Predicting Protein Function by Multi-Label Correlated Semi-Supervised Learning

Assigning biological functions to uncharacterized proteins is a fundamental problem in the postgenomic era. The increasing availability of large amounts of data on protein-protein interactions (PPIs) has led to the emergence of a considerable number of computational methods for determining protein function in the context of a network. These algorithms, however, treat each functional class in isolation and thereby often suffer from the difficulty of the scarcity of labeled data. In reality, different functional classes are naturally dependent on one another. We propose a new algorithm, Multi-label Correlated Semi-supervised Learning (MCSL), to incorporate the intrinsic correlations among functional classes into protein function prediction by leveraging the relationships provided by the PPI network and the functional class network.

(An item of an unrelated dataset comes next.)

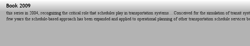 Titlebook: Schedule-Based Modeling of Transportation Networks; Theory and applicati Agostino Nuzzolo,Nigel H. M. Wilson Book 2009 Springer-Verlag US 2 |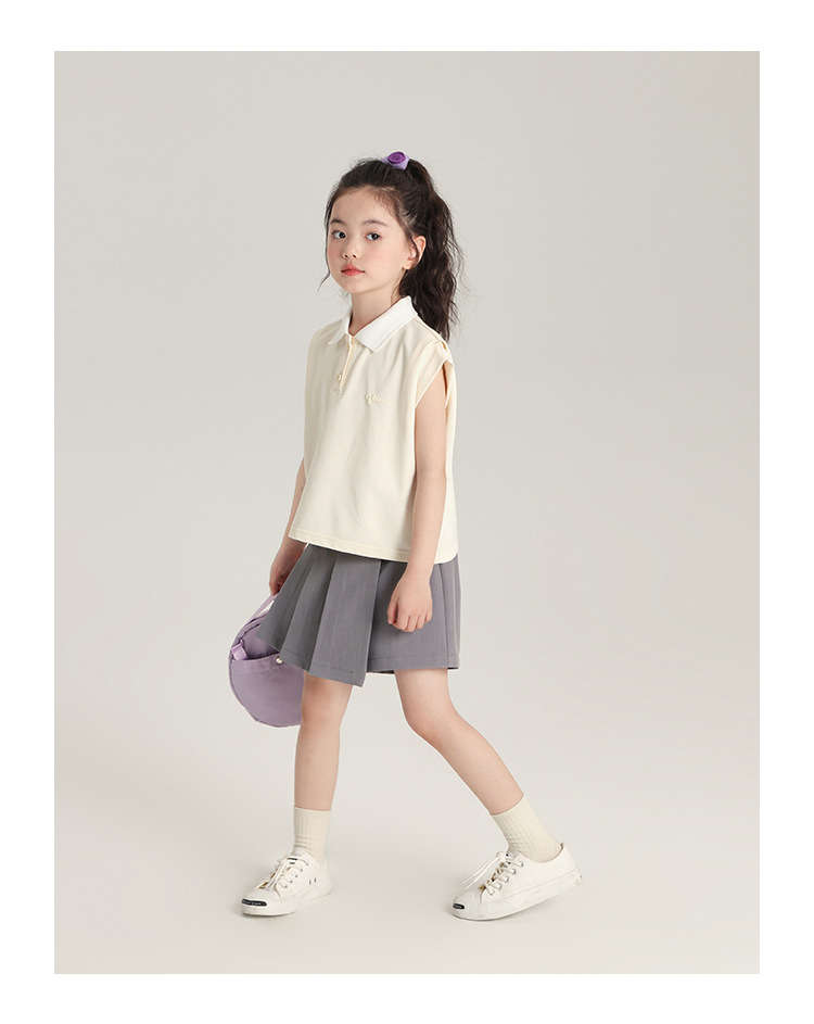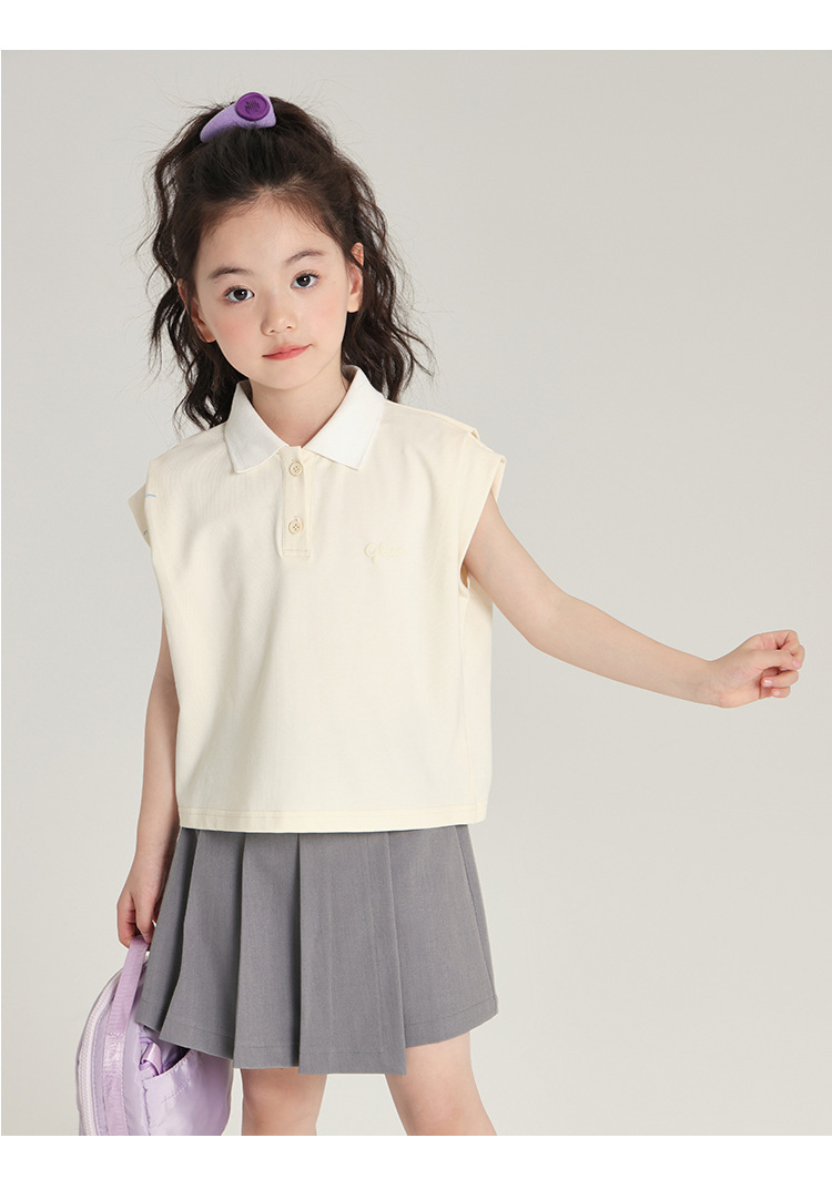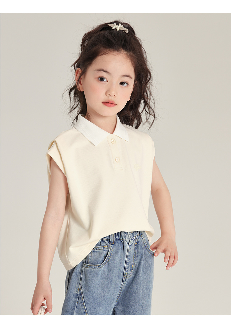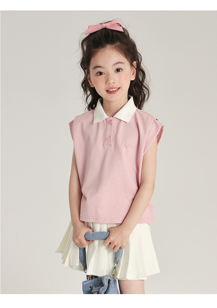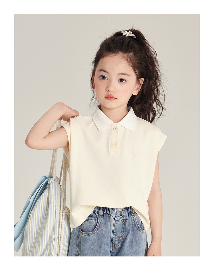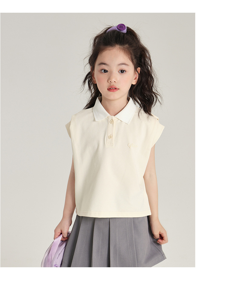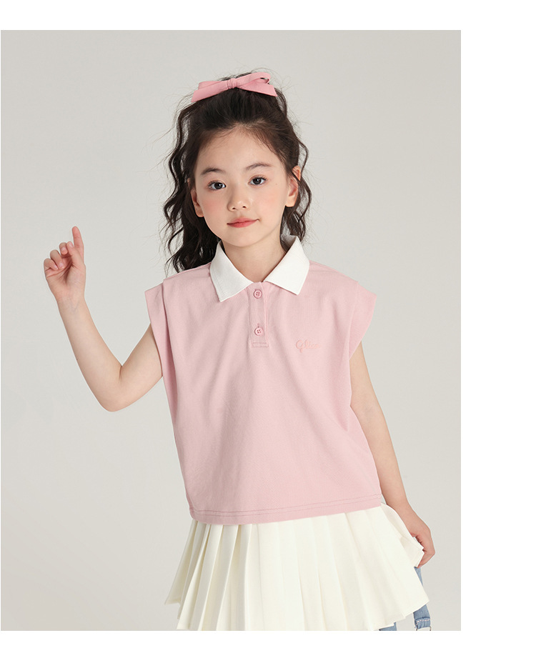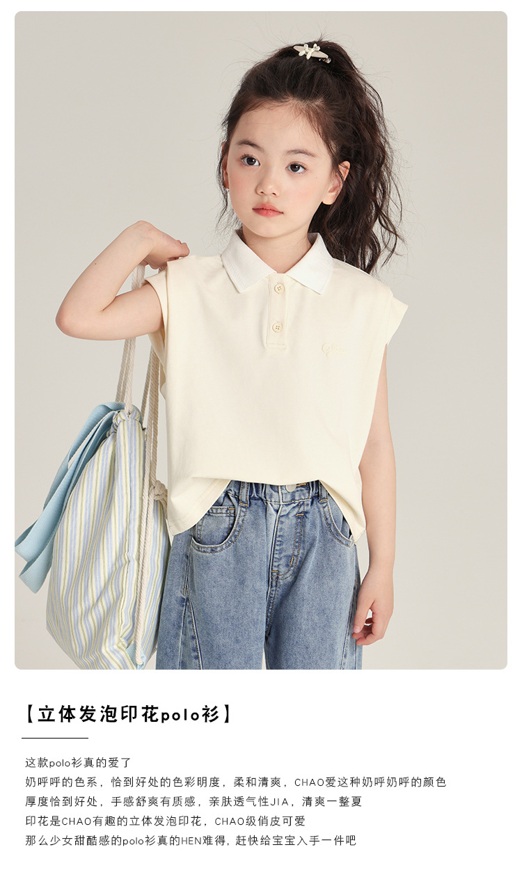 2025年新作 カジュアルでトレンディな女の子用半袖Tシャツ 可愛いポロシャツ 立体発泡プリント 子供用Tシャツ

The guiding intuition is that the classification function should be sufficiently smooth on subgraphs where the respective topologies of these two networks are a good match. We encode this intuition as regularized learning with intraclass and interclass consistency, which can be understood as an extension of the graph-based learning with local and global consistency (LGC) method. Cross validation on the yeast proteome illustrates that MCSL consistently outperforms several state-of-the-art methods. Most notably, it effectively overcomes the problem associated with scarcity of label data. The supplementary files are freely available at http://sites.google.com/site/csaijiang/MCSL.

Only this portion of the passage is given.